• Exercise description:
Make an exact transcript of the lines in the data below, starting with the one containing "Moltyaner David 1895" and going on through the one containing "Сетевой фильтр Most", with both included and the pictures left out.

• Input for this task:
● ● ●
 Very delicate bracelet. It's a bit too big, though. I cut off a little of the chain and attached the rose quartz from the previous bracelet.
● ● ●
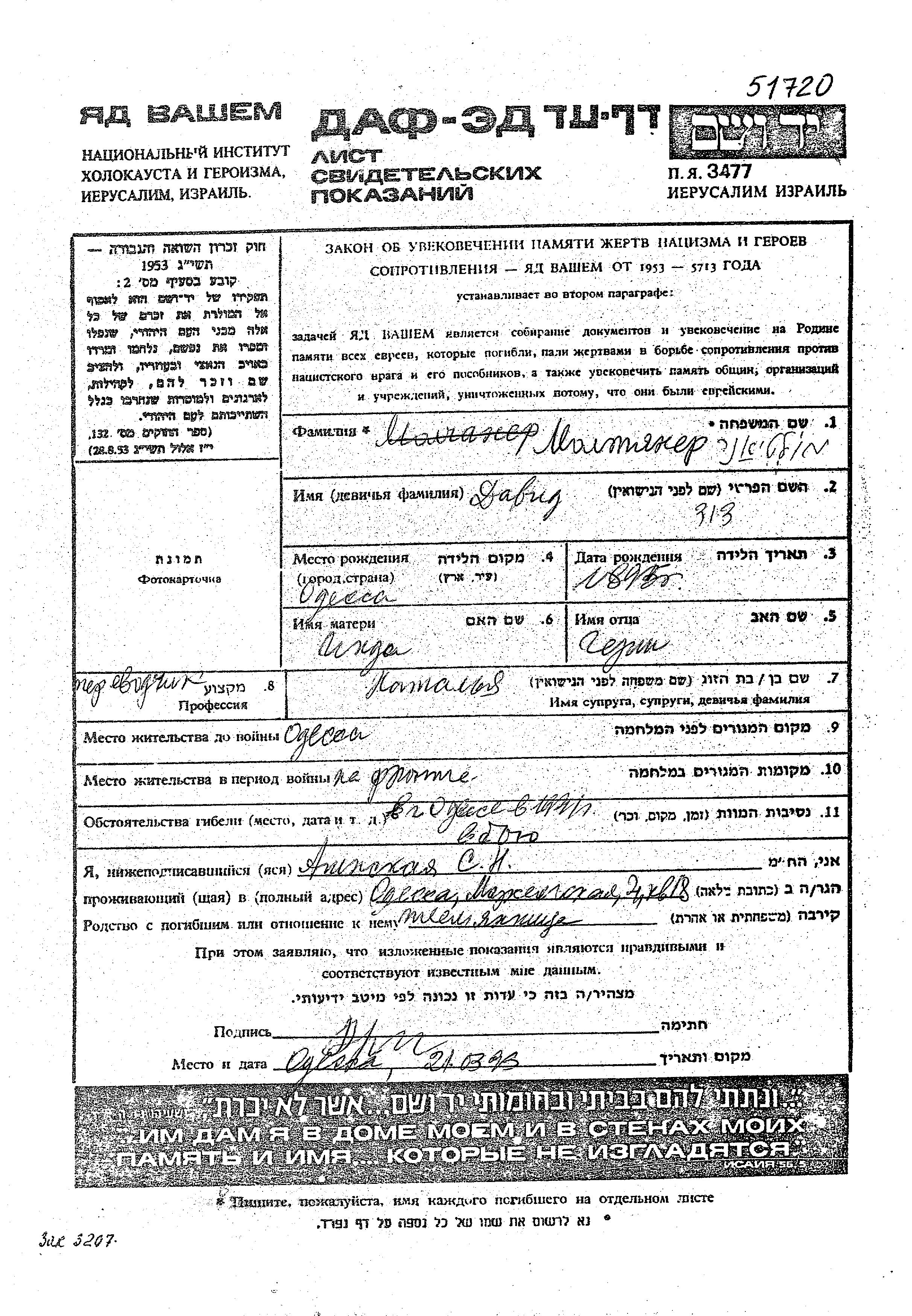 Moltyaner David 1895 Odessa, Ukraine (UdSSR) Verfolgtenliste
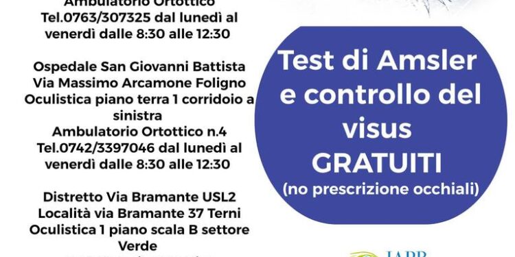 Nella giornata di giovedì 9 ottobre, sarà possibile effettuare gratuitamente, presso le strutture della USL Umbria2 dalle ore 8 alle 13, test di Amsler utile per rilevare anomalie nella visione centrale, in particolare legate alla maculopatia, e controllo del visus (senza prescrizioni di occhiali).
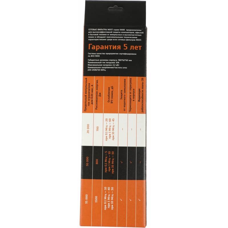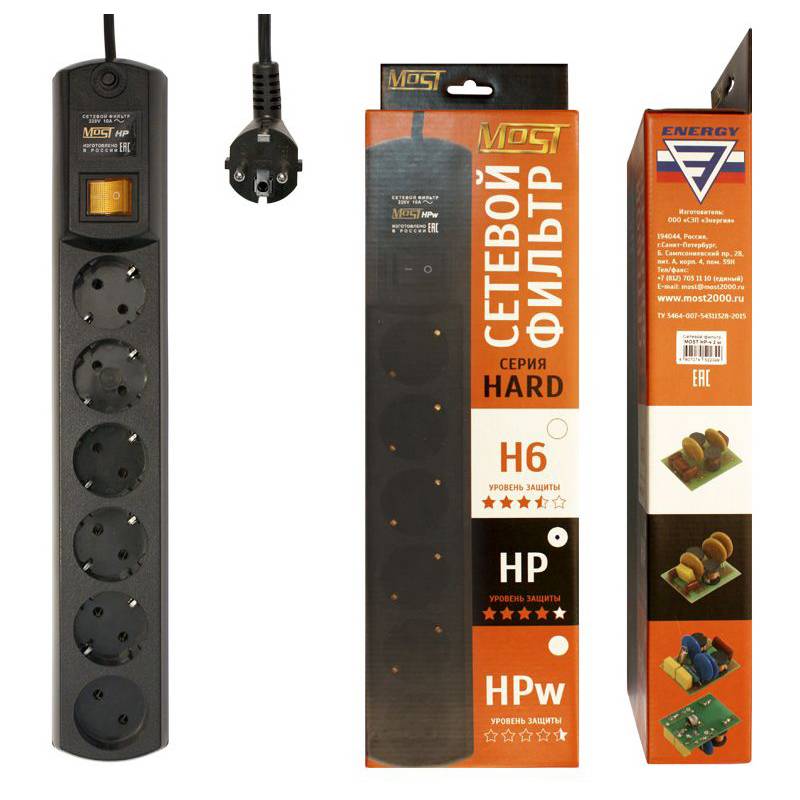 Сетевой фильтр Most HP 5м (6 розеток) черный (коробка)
● ● ●
• Result:
 Moltyaner David 1895 Odessa, Ukraine (UdSSR) Verfolgtenliste
 Nella giornata di giovedì 9 ottobre, sarà possibile effettuare gratuitamente, presso le strutture della USL Umbria2 dalle ore 8 alle 13, test di Amsler utile per rilevare anomalie nella visione centrale, in particolare legate alla maculopatia, e controllo del visus (senza prescrizioni di occhiali).
 Сетевой фильтр Most HP 5м (6 розеток) черный (коробка)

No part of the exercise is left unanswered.